Armand’s Confession Was About How Much He Loves Daniel’s Humanity – The Vampire Lestat

Over the last two episodes, Armand (Assad Zaman) has admitted that he’s in love with Daniel Molloy (Eric Bogosian). This week, he finally explains why, telling Daniel that he’s spent the last 52 years watching over him from the shadows, occasionally intervening in his life but never revealing himself. It’s a beautiful confession, and one that says to me the writers fully understand what made the Queen of the Damned chapter work so well.

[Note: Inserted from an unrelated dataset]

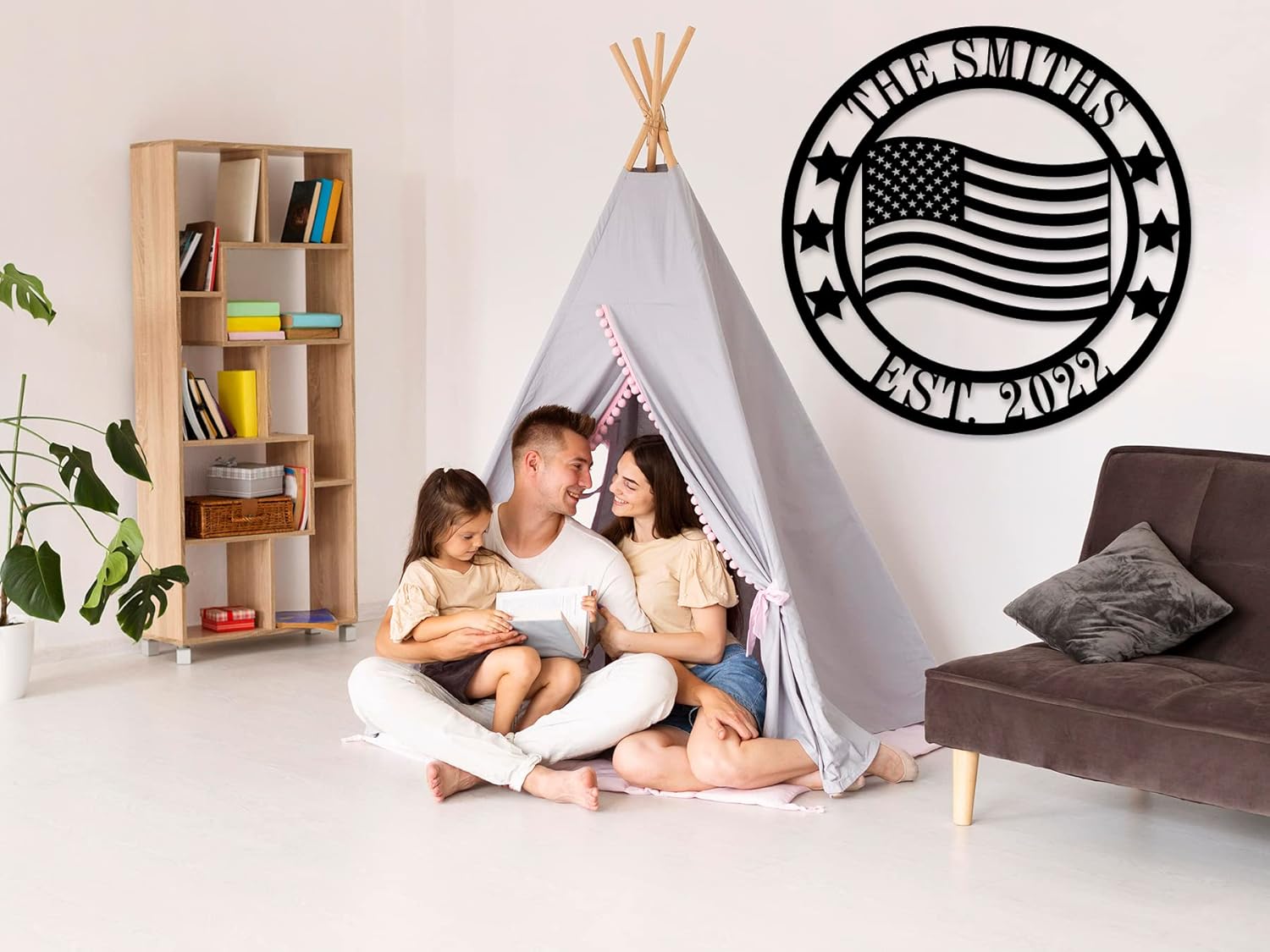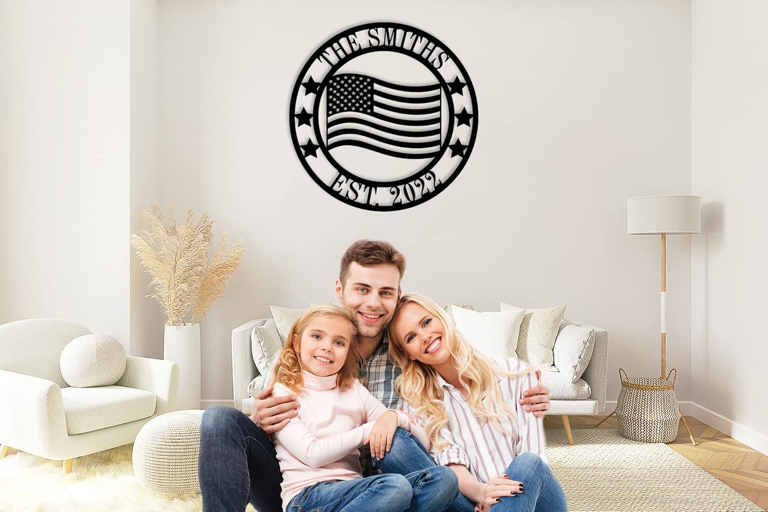 - Personalized touch your home: our metal American flag signs provide your home with a traditional and personalized touch full of emotion, love and memory. The metal sign can be customized according to your last name, first name and date of establishment. This last name sign will be treasured by your family for many years. You can also customize blessings to bring good luck to your family. Personalized family logo will add rural elegance to the wall.

Because in response to that confession of love, Daniel asks Armand to “prove it”. And the responses Armand chooses are not about Daniel’s biggest achievements, his interviews, his books, or moments where Daniel was successful or happy in his life. Instead, he reaches for two memories where Daniel is arguably at his lowest: aggressively having sex with a student in the back seat of his rental car in a hotel parking garage, and the fallout of his daughter’s graduation after she’s told him she didn’t want him there.

I don’t think those are random choices. I think they’re the key to understanding why Armand fell in love with Daniel in the first place.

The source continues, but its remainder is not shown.